Announcement

Collapse
No announcement yet.
X
  • Filter
  • Time
  • Show
Clear All
new posts

  • Creating dummy variables using dates

    Hello,

    I been trying to create a dummy variable using the Dateofcrash variabel, where 1 is assigned to the dates after 9/4/2019 00:00, and 0 before that. I used the codes below but kept running into errors"
    gen Dateofcrash_stata = clock(Dateofcrash, "MDY HM")
    gen MandateDate = mdy(1, 15, 2019)
    gen MandateIndicator = (Dateofcrash_stata >= MandateDate) & (Dateofcrash_stata != .)

    this is my first time working with dates like and would need help with this



    Example generated by -dataex-. For more info, type help dataex
    clear
    input str4 Year str8 Month str11 Time str17 Dateofcrash
    "2017" "January" "12:03:00 PM" " 7/10/2018 00:00"
    "2017" "february" "10:05:00 AM" " 7/16/2017 00:00"
    "2017" "march" "10:06:00 PM" "11/10/2019 00:00"
    "2018" "april" "10:13:00 PM" " 8/25/2021 00:00"
    "2018" "December" "10:17:00 PM" " 7/4/2021 00:00"
    "2018" "November" "10:24:00 AM" " 9/16/2020 00:00"
    "2018" "January" "10:25:00 AM" "12/17/2021 00:00"
    "2019" "february" "10:41:00 AM" " 9/8/2021 00:00"
    "2019" "march" "10:44:00 AM" " 5/15/2020 00:00"
    "2019" "april" "10:45:00 AM" " 5/26/2021 00:00"
    "2019" "December" "10:46:59 PM" " 7/31/2021 00:00"
    "2020" "November" "10:52:00 PM" " 7/13/2017 00:00"
    "2020" "January" "10:54:00 AM" " 8/10/2021 00:00"
    "2020" "february" "11:00:00 PM" " 9/3/2021 00:00"
    "2017" "march" "11:02:00 PM" " 5/8/2020 00:00"
    "2017" "april" "11:10:00 AM" " 4/14/2021 00:00"
    "2017" "December" "11:10:59 AM" " 6/27/2018 00:00"
    "2017" "November" "11:15:00 AM" " 7/10/2021 00:00"
    "2018" "January" "11:17:00 AM" " 7/11/2021 00:00"
    "2018" "february" "11:22:00 PM" " 9/4/2019 00:00"
    "2018" "march" "11:23:00 AM" "11/26/2021 00:00"
    "2018" "april" "11:23:00 PM" "10/31/2019 00:00"
    "2019" "December" "11:26:00 PM" " 8/3/2021 00:00"
    "2019" "November" "11:29:00 AM" " 5/13/2021 00:00"
    "2019" "January" "11:30:00 AM" " 8/9/2021 00:00"
    "2019" "february" "11:33:00 AM" " 5/30/2021 00:00"
    "2020" "march" "11:35:00 PM" " 5/29/2021 00:00"

  • #2
    There is no road to understanding date-times in Stata that doesn't include a reading of help datetime.
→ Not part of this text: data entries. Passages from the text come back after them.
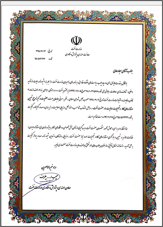 گواهی ثبت اختراع شیر ایمنی دو طرفه صنعت نفت و گاز
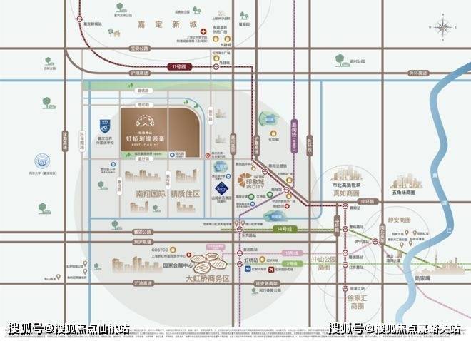 整个南翔板块区位优势明显:距虹桥核心区直线距离约13KM,享受大虹桥强势能级辐射。同时承接虹桥国际开放枢纽北向拓展带重要节点,一脉虹桥发展金线,南翔进阶大虹桥主城生活区,成为中央商务配套区和高品质国际化社区目的地。
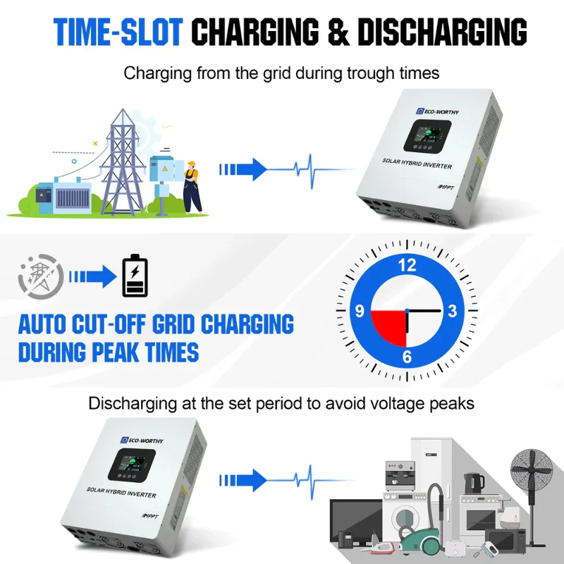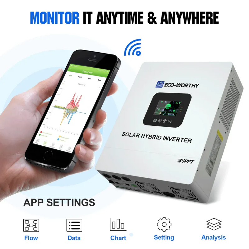 - Dual 5000W High-Performance Off-grid Inverters: Supports solar, grid, and generator charging sources, delivering pure sine wave output and advanced battery management.
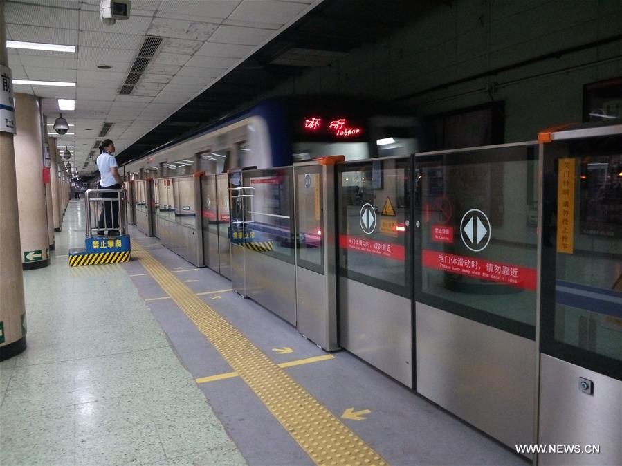 Passengers wait for their train at Chongwenmen Station on Line 2 of the subway in Beijing, capital of China, Aug. 20, 2017. By Sunday, all stations on Line 2 of Beijing Subway are enabled with safety doors. (Xinhua/Liu Xianguo)
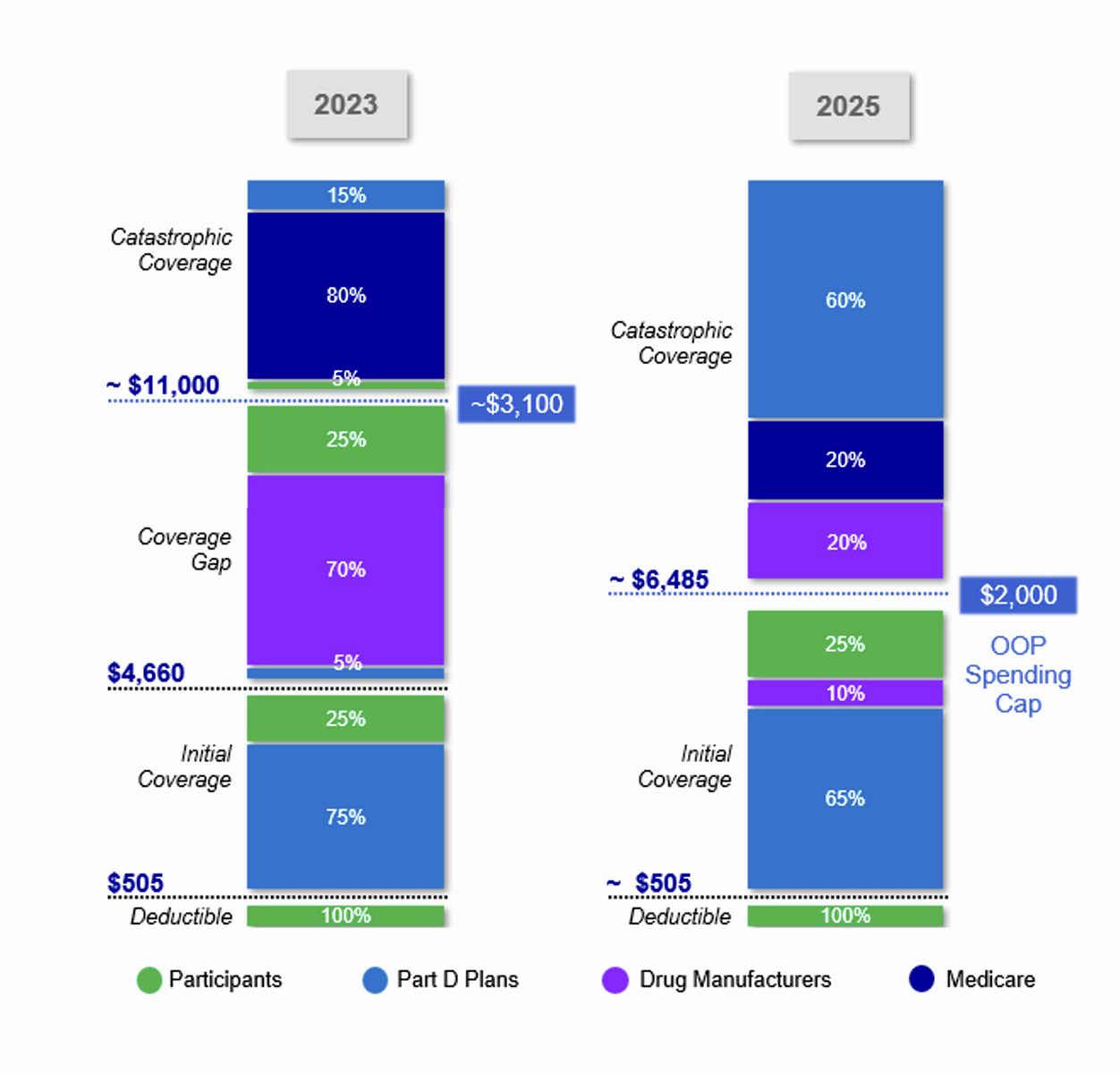 By 2025, the Medicare Part D plan design will cap participant out of pocket spending at $2,000 and alter the cost sharing between the participant, the Part D Plan, the drug manufacturers and Medicare. The chart below shows how this will work.
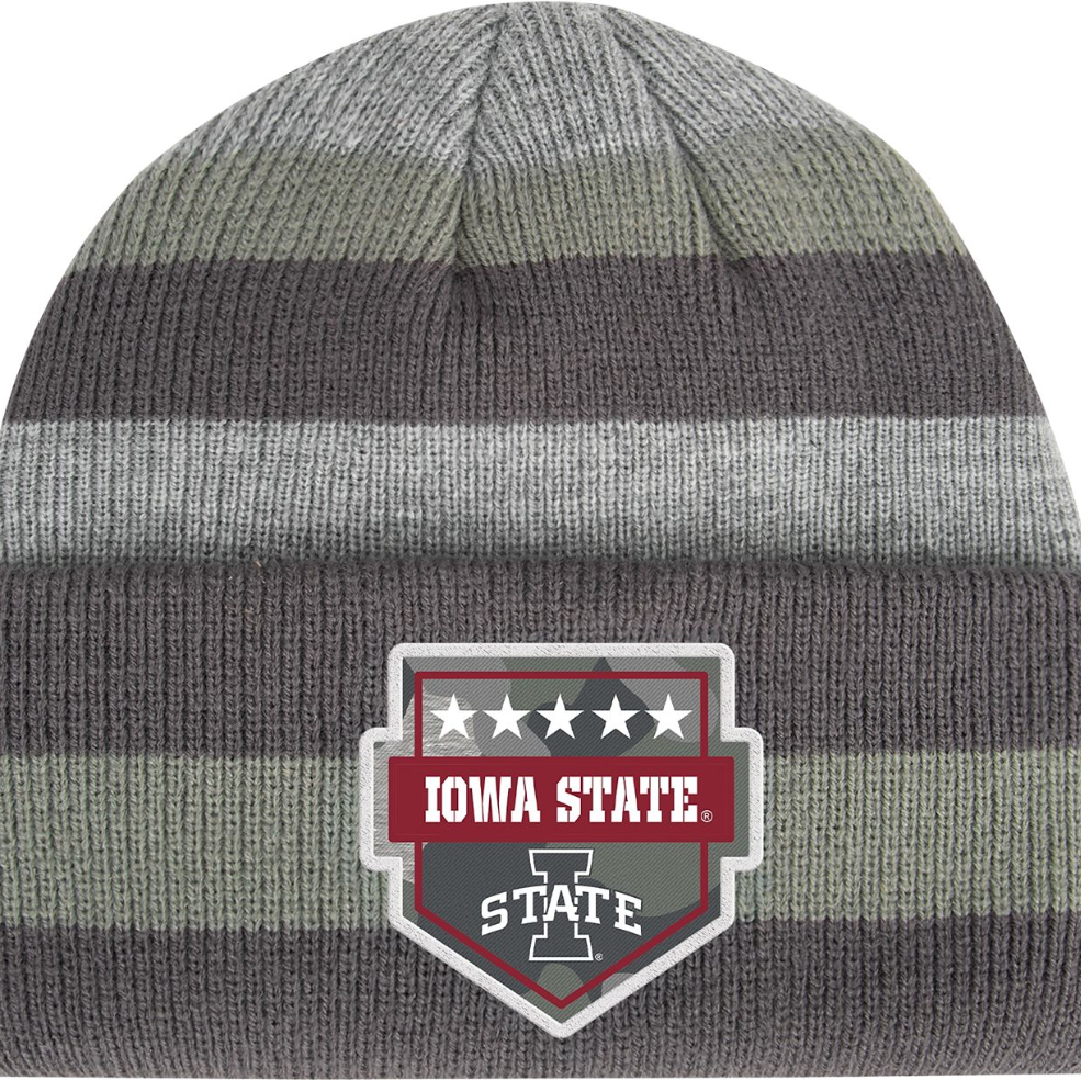 Go Cyclones! Get this Iowa State OHT beanie and everyone will be able to see your Cyclone pride! When you wear this ISU winter hat to the next game, you will stand out in the crowd! This Operation Hat Trick beanie supports our country's troops and features a grey striped body with a camo ISU patch on the front. Get one today to show your Cyclone spirit! Shop the Official Team Store of Iowa State Athletics for Cyclones apparel or gifts! This is an officially licensed collegiate product.

You won't need, and you won't grasp, all of it of once, but you need to keep revisiting.

    Various errors here.

    First off, always use a double to hold a numeric date-time variable. We can keep that one at bay because surely we can ignore 00:00 as uninformative.

    Second, you're subtracting a daily date in days from a datetime in milliseconds, and that's an uneven fight.

    mdy(1, 15, 2019) is 21564 (days from the beginning of 1960) whereas datetimes in your example are in trillions (of milliseconds since the start of 1960). The units of time matter. and Stata won't try to work out what you mean.

    It seems to me that time of day in your data example is immaterial. So, I suggest just subtracting the constant mdy(1, 15, 2019) from a daily date variable.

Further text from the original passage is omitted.